To this aim, cells were homogenized on ice in H2O, and the supernatant was assayed for protein content according to Lowry method (1951) [29] and used to perform enzyme assays as previously described [30].

Briefly, catalase activity was assayed by measuring the consumption of H2O2 at 240 nm for 1 min at 30 °C according to Aebi (1984) [31]. The incubation mixture included: 50 µL H2O2 200 mM, 50–100 µg of proteins of sample, and Na-phosphate buffer (50 mM pH 7.0) to reach a final volume of 1 mL. One unit of catalase activity is defined as amount of enzyme required to catalyze the decomposition of 1 µmol H2O2 min−1.
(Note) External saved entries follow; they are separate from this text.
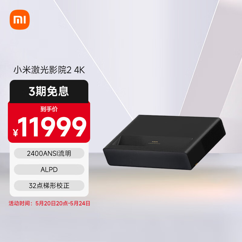 小米激光影院2 4K 100英寸 2400ANSI流明 杜比全景声 ALPD 32点梯形校正 MEMC运动补偿价格:11999.00元!
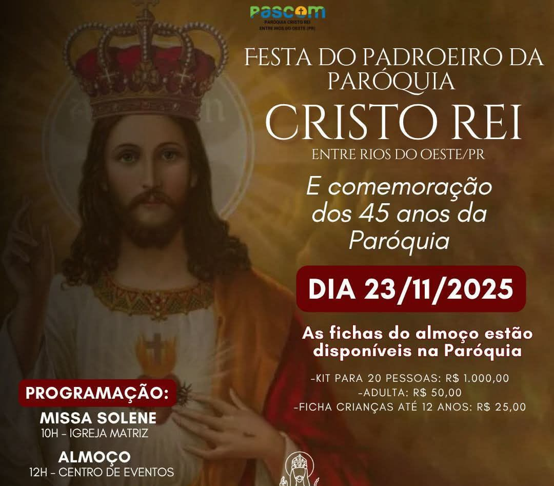 A Paróquia Cristo Rei realiza a Festa do Padroeiro 2025, celebrando 45 anos de presença e missão junto à comunidade entrerriense.
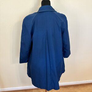 Vtg Womens 1970s Jacket Blue Button Up Coat 14 XL Lined Atkins Hong Kong Pockets
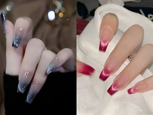 Bằng việc sử dụng loại sơn móng tay đặc biệt có chứa các hạt kim loại siêu nhỏ, người thợ sẽ dùng một thanh nam châm để di chuyển chúng tạo nên độ chuyển màu cùng hiệu ứng vệt sáng mắt mèo lấp lánh. Kiểu nail này mang đến cho bạn sự sang trọng, hiện đại, phù hợp với những cô nàng yêu thích phong cách nổi bật, sành điệu. Bạn có thể tham khảo một số cách phối màu trong nail ombre mắt mèo như: đen phối trắng, đen phối xanh, xám phối hồng,…
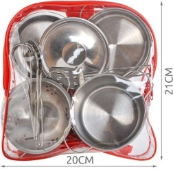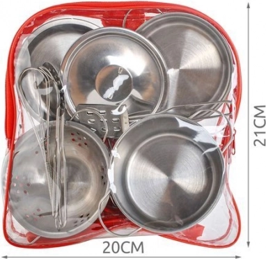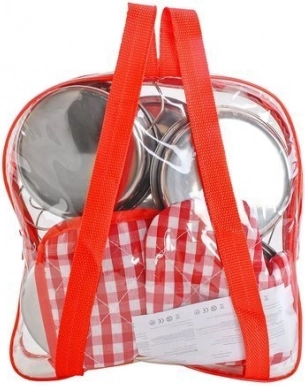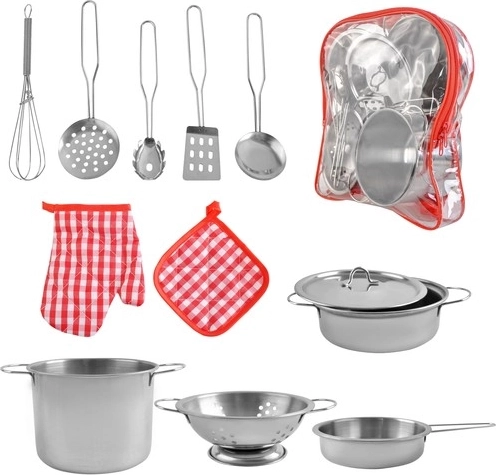 - 13-teiliges Set - Enthält 2 Töpfe, eine Pfanne, ein Sieb, einen Deckel, verschiedene Löffel, einen durchsichtigen Rucksack und eine Stoffunterlage mit Handschuh.

The glutathione reductase (GR) activity was assayed according to Pinto et al. (1984) [32]. Briefly, GSSG reduction and NADPH consumption were recorded at 340 nm. The incubation mixture included: 20 µL GSSG 125 mM, 11 µL NADPH 11 mM, 50–100 µg of proteins of sample, and K-phosphate buffer (100 mM pH 7.0) to 1 mL final volume.
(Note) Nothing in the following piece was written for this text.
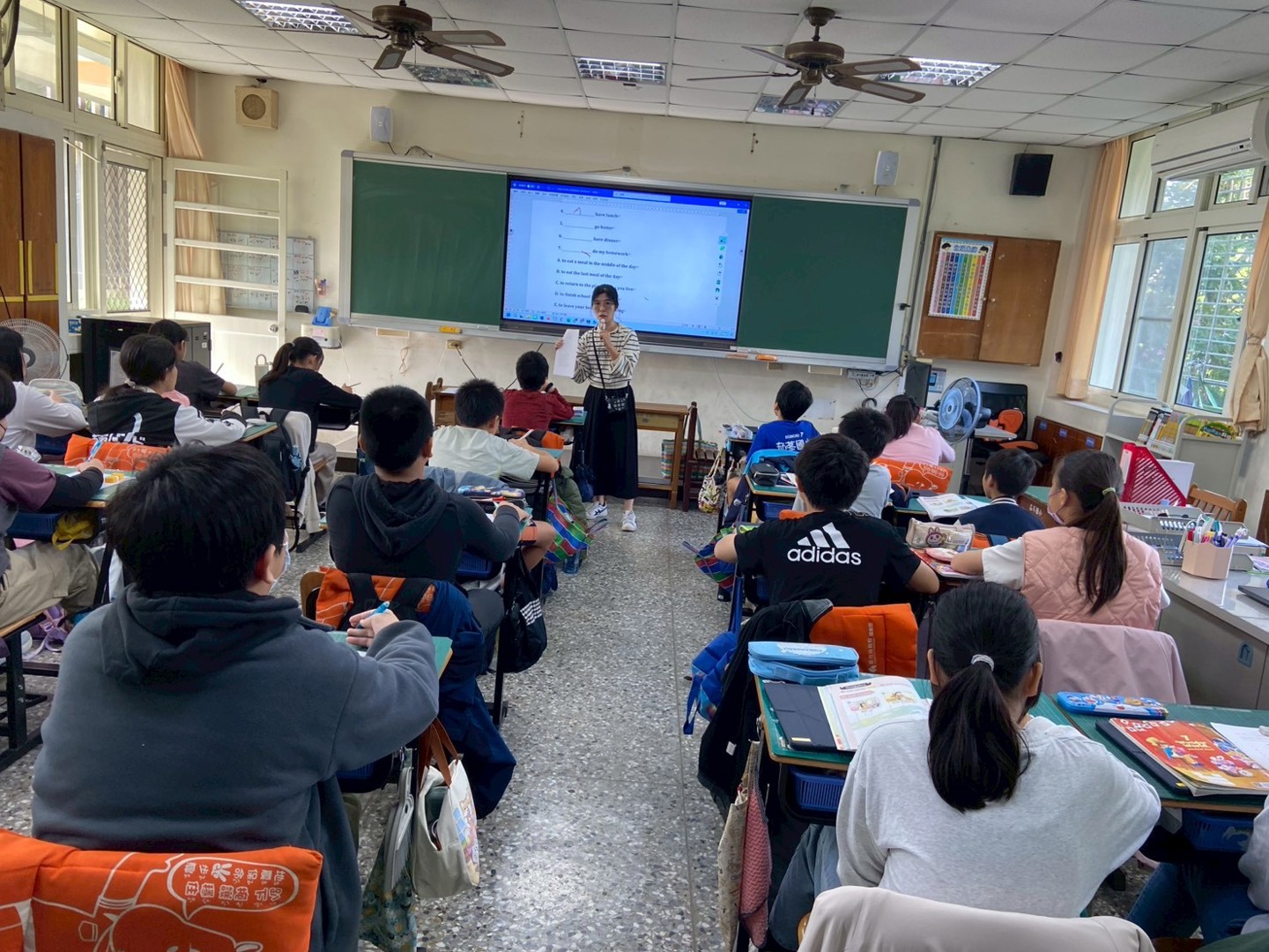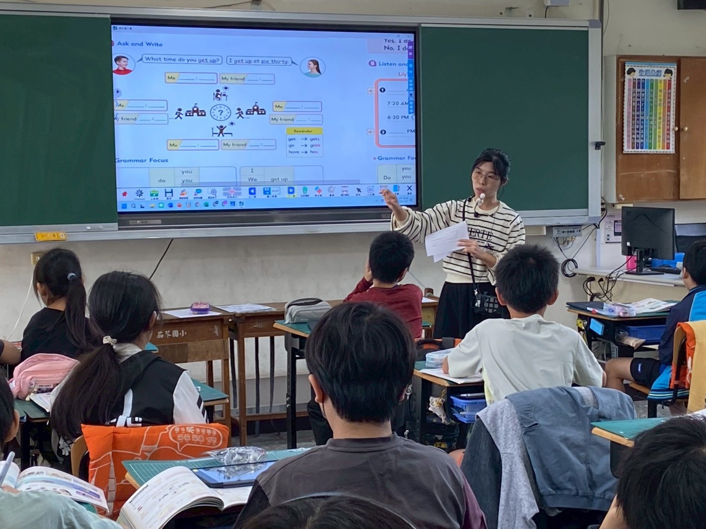 課堂開始前,老師一如往常地提醒孩子清理桌面,在簡單複習後,老師帶著孩子們練習了今天所要學的新句型,幾次示範和抽問之後,老師簡單解說學習單內容,學生們依照教師指示使用載具完成手上的學習單,能力更高者,則自動進入酷英平台提前完成教師派發的學生作業。

The activity of selenium-dependent glutathione peroxidase (GPx) was assayed according to Prohaska and Ganther (1976) [33] by following the decrease in the absorbance at 340 nm for 5 min, which corresponds to the rate of GSH oxidation to GSSG in the presence of NADPH and GR. The incubation mixture included: 20 µL GSH 100 mM, 10 µL NADPH 11 mM, GR 1 Unit, 10 µL TBUT 20 mM, 50–100 µg of proteins of sample, and EDTA-K phosphate buffer to 1 mL final volume. One unit of GR or GPx activity is defined as the amount of enzyme required to catalyze the oxidation of 1 mmol NADPH min−1.
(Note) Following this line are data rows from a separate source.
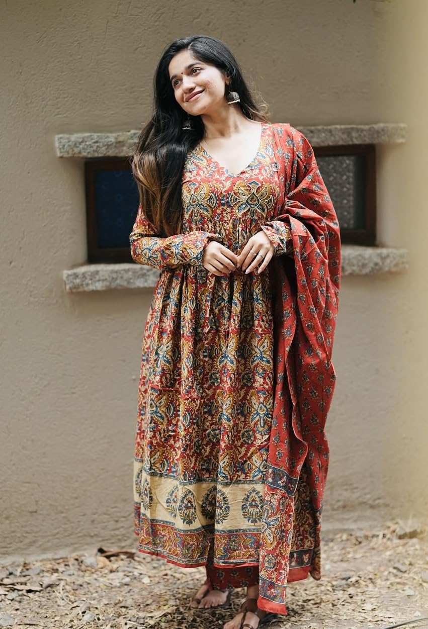 Nermosa Women Printed Anarkali Kurta and Pant Set with Dupatta
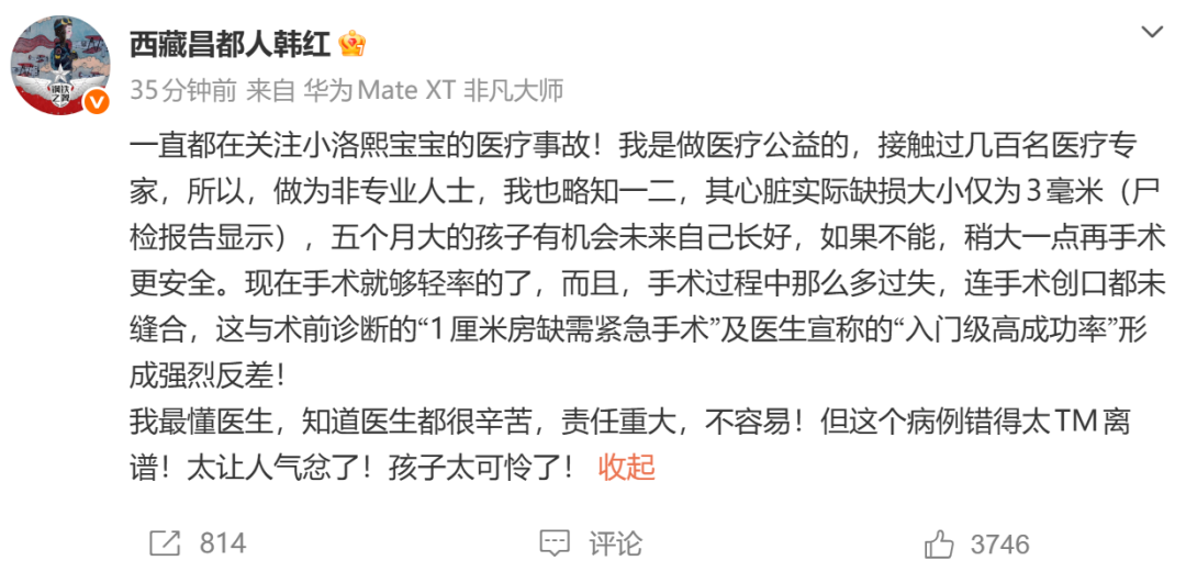 原标题:《5月龄女婴小洛熙心脏手术后离世,家长公布尸检报告:未检见冠状窦型房间隔缺损,肋骨间切开的创口未缝合;韩红发声:这个病例错得太离谱》
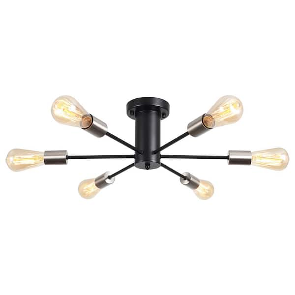 21.84 in. 6-Light Black and Nickel Sputnik Transitional Flush Mount Ceiling Lights
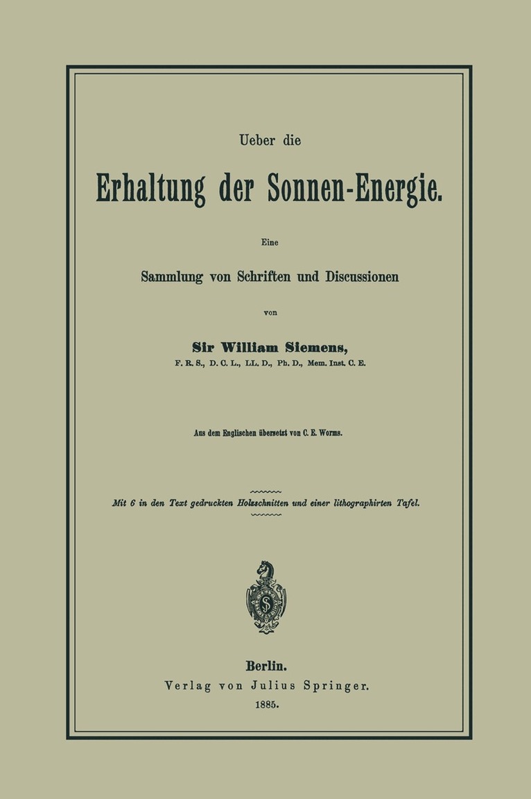 Ueber die Erhaltung der Sonnen-Energie. Eine Sammlung von Schriften und DiscussionenWilliam SiemensHäftad549 kr

Total glutathione content was assayed according to Griffith (1985) [34] with slight modifications. Briefly, the sulfhydryl group of GSH, also generated from GSSG by adding GR, reacts with DTNB (5,50-dithio-bis-2-nitrobenzoic acid) and produces a yellow-colored 5-thio-2-nitrobenzoic acid (TNB). The rate of TNB production is directly proportional to the concentration of GSH in the sample. Measurement of the absorbance of TNB at 412 nm provides an accurate estimation of the GSH level present in the sample.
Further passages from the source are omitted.